(NOTE: This review is from the film’s premiere at Sundance 2014. It has reportedly undergone some tweaking since then, including a reshot ending. I have not seen the new version and don’t know how different it is.)
The clever premise behind “Cooties” is so simple that it’s hard to believe no one had already used it before “Saw” writer Leigh Whannell and “Glee” co-creator Ian Brennan* got to it. A bacterial outbreak at an elementary school turns the kids into ravenous, flesh-eating zombies** who attack each other while the uninfected teachers and faculty barricade themselves inside the building. The “little monsters” figure of speech made literal? The sight of children ripping limbs from torsos? Yes, please!
But “Cooties,” while suitably gross and buoyed by game performances, doesn’t exploit its concept nearly as well as it should. Co-directed by first-timers Jonathan Milott and Cary Murnion, it turns out to be a fairly standard horror-comedy with an uneven execution and a script that needed revision. When you see little girls on a playground using someone’s intestines as a jump rope, you think: That kind of macabre brilliance should be the rule in a movie like this, not the exception.
It sure starts out well, though, with a graphic, up-close depiction of an infected chicken nugget being made, beginning with the death of the chicken and ending with a grade-schooler biting into the oozing product. This sequence may put you off chicken nuggets forever, assuming the nuggets themselves have not already done so.
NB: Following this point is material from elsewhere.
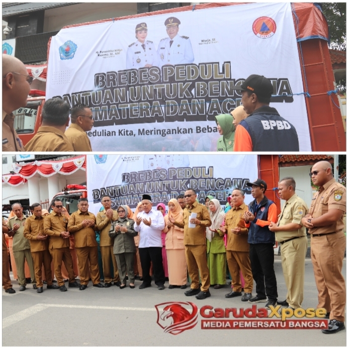 BREBES.GarudaXpose.com-Sekretaris Daerah Brebes, Dr. Tahroni,M.Pd, melepas tiga mobil bantuan yang mengangkut bantuan kemanusiaan untuk korban bencana di Sumatra dan Aceh di Halaman Pendopo Brebes, Senin (8/12/2025). Bantuan ini dikirimkan atas perintah Bupati Brebes Paramitha Widya Kusuma.
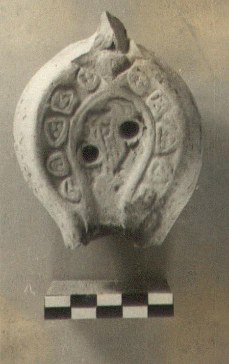 | Description: | The handle and nozzle missing. Rim set slightly lower than the top of the sides is ornamented with a row of geometric motifs. On the discus, a bird in relief, perhaps an eagle (?). The base defined by a low ring, from which a raised band leads to the back of the handle. Unglazed. Clay pink at the core, yellowish-gray at the surface. Type XXXI of Corinth collection. | |

The setting is an elementary school, where a would-be horror novelist named Clint (Elijah Wood), having returned to his hometown after failing to make it big as a writer, is spending his first day as a substitute teacher. He is pleased to see an old friend, the chirpy Lucy (Alison Pill), as a fellow instructor, and dismayed to learn she’s dating Wade (Rainn Wilson), the dumb, brutish gym coach. When the zombie outbreak happens — it’s first manifested when a boy yanks an infected girl’s pigtail and it breaks off from her scalp — Clint, Lucy, Wade, and the other adults must go through the usual steps to protect themselves, fight the monsters, and get to safety.
The tone is arch and satiric, often funny. Clint tries out several preposterous opening lines for his novel, which is about a demonic boat; there’s a kid in his class named Patriot because he was born on 9/11; there are laughs at the expense of public school bureaucracy and political correctness. Elijah Wood does well as the lone semi-normal person in the room, reacting to the others’ quirkiness.
But except for the spacey health teacher (co-writer Whannell), whose scientific knowledge comes in handy later, most of the characters are extraneous and ill-defined: one teacher (Jack McBrayer) is very obviously gay but in denial about it, har har; another (Nasim Pedrad) is a shrill woman who introduces herself to Clint by preemptively mentioning she has a rape whistle, har har; out in the parking lot sits a fat guy (Jorge Garcia) in a van, taking psychedelic mushrooms and contributing nothing to the plot.
Milott and Murnion revel in the campy gore, daring us to laugh as we’re being grossed out. That’s a key component of a zombie comedy, and the directors get it. But another crucial element is exciting, creative, or memorable action sequences, and “Cooties” has none. We always dreamed that when we finally saw a horror comedy about cannibalistic child-monsters, it would be more fulfilling than this weak but enthusiastic entry.
*How’s that for a partnership made in heaven?
**These are the “28 Days Later” kind of zombies, by the way, not the “Night of the Living Dead” kind. We’re not going to argue about whether or not they are technically “zombies” because we are grown ups.